Here's the full set of postgresql.conf settings I run to disable the WAL and other overhead:
wal_level = minimal max_wal_senders = 0 synchronous_commit = off fsync = off full_page_writes = off autovacuum = off checkpoint_timeout = 60min
Finally, when loading in big chunks, to keep the vacuum work down I'd normally turn off autovac as above then issue periodic VACUUM FREEZE commands running behind the currently loading date partition. (Talking normal PG here) That skips some work of the intermediate step the database normally frets about where new transactions are written but not visible to everyone yet.
https://rdrn.me/optimising-sql/
Similar sequence of investigations, but using regular Postgres rather than Timescale. With my setup I got another ~3x speedup over COPY by copying binary data directly (assuming your data is already in memory).
Love this. It’s the exact opposite of all the other ‘well actually’ mainstream tech posts and I am here for all of it. Props for keeping the reader fully engaged on the journey.
> At a sustained ~462k inserts per second, we’re waiting ~20 days for our ~754 billion rows which is not bad I guess It’s less time than it took me to write this post.
Hah, as I've been gravitating more to writing larger and more in depth blog posts I can relate to the surprising effort it can require.
What I do is download each netCDF file, transpose, and insert into a massive 3D HDF file organized as [lat, lon, hour]. On my workstation it takes about 30 minutes to create one year for one variable (no parallel I/O or processes) but then takes milliseconds to pull a single (lat, lon) location. Initial pain for long-term gain. Simplistic, but I'm just a climatologist not a database guru.
This is a good dataset though and the level of detail in the post is appreciated. I'll give ClicKHouse a go on the same...
Disclaimer: I work for ClickHouse
1) I always wonder of there is a better way than COPY. I tend to quickly get 100% CPU without saturating I/O
2) The row overhead seems big. A row has 23 bytes overhead, this table has 48 bytes data per row, so even without page overhead, we lose ~1/3 of our storage. This is pure data storage, without any index.
[0] - Honestly some of the coolest stuff I ever got to do in it's own right. Building tools that could move data between AutoCAD, Microstation, and Google Earth while also importing other bits with metadata from Trimble units[1]. Also it was probably the most I ever used math in my entire career [2], so there's that.
[1] - I wound up finding a custom font maker, and one of our folks made a font library with the symbols, made it easy to write a parser too :D
[2] - One of those PDFs I always seem to wind up having floating on a hard drive is the USGS 'Map Projections, a working manual'. At one point I used it as a reference to implement a C# library to handle transforms between coordinate systems... alas it was internal.
This is a very good instinct!

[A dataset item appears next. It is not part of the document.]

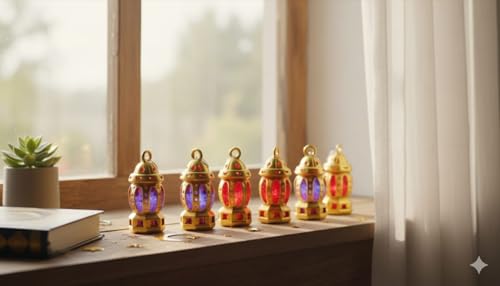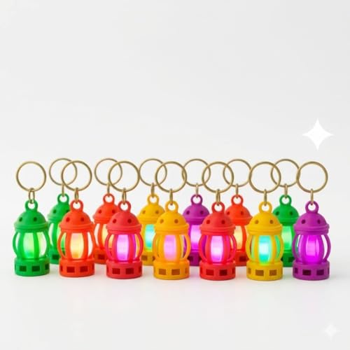 Generic - Ramadan Lantern Multi Color Luminous Medallion LED Lantern Key Ring Set of 12 Pieces Multi Shapes and Colors (3)

A pretty major portion of modern climate science is paleoclimatology, with a goal of reaching far beyond reliable human measurements. A lot of earth's previous climate states were wildly different from the range of conditions we have experienced in the past 10,000 years, and a better climate record is essential to predicting the effects of massive carbon emission.

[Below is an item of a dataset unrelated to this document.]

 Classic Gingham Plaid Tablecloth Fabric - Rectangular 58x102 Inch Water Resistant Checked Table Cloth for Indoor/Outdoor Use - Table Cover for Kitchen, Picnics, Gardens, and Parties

Ice cores from Antarctica/Greenland are the most famous instance of this, but there's a lot of other cool ones - there are chemical records of climate change in cave stalactites, ocean floor sediments, etc.
After that I discovered ClickHouse and forgot about all this performance tuning, since ClickHouse could ingest the same as analytics data at 10x higher speed on the same hardware with default settings. On top of this, it could perform analytical queries by up to 1000 times faster than Postgresql on the same hardware. And, as a bonus, disk space usage dropped by more than 10 times compared to Postgresql.
My prediction: if the ingestion of 750 billion rows takes 20 days on highly tuned TimescaleDB and Postgresql, it will take less than a day on Clickhouse with standard settings on the same hardware.
P.S. I was conducting a similar benchmark on a single-node VictoriaMetrics a few years ago - it was capable ingesting 500 billion of samples in ~2 hours - https://valyala.medium.com/billy-how-victoriametrics-deals-w... . Every sample contains a single measurement, while every row in the original article contains 5 measurements. So, if extrapolating, it would take `(2h * 5)/500*750 = 15h` to ingest 750 billion of rows with weather measurements into a single-node VictoriaMetrics.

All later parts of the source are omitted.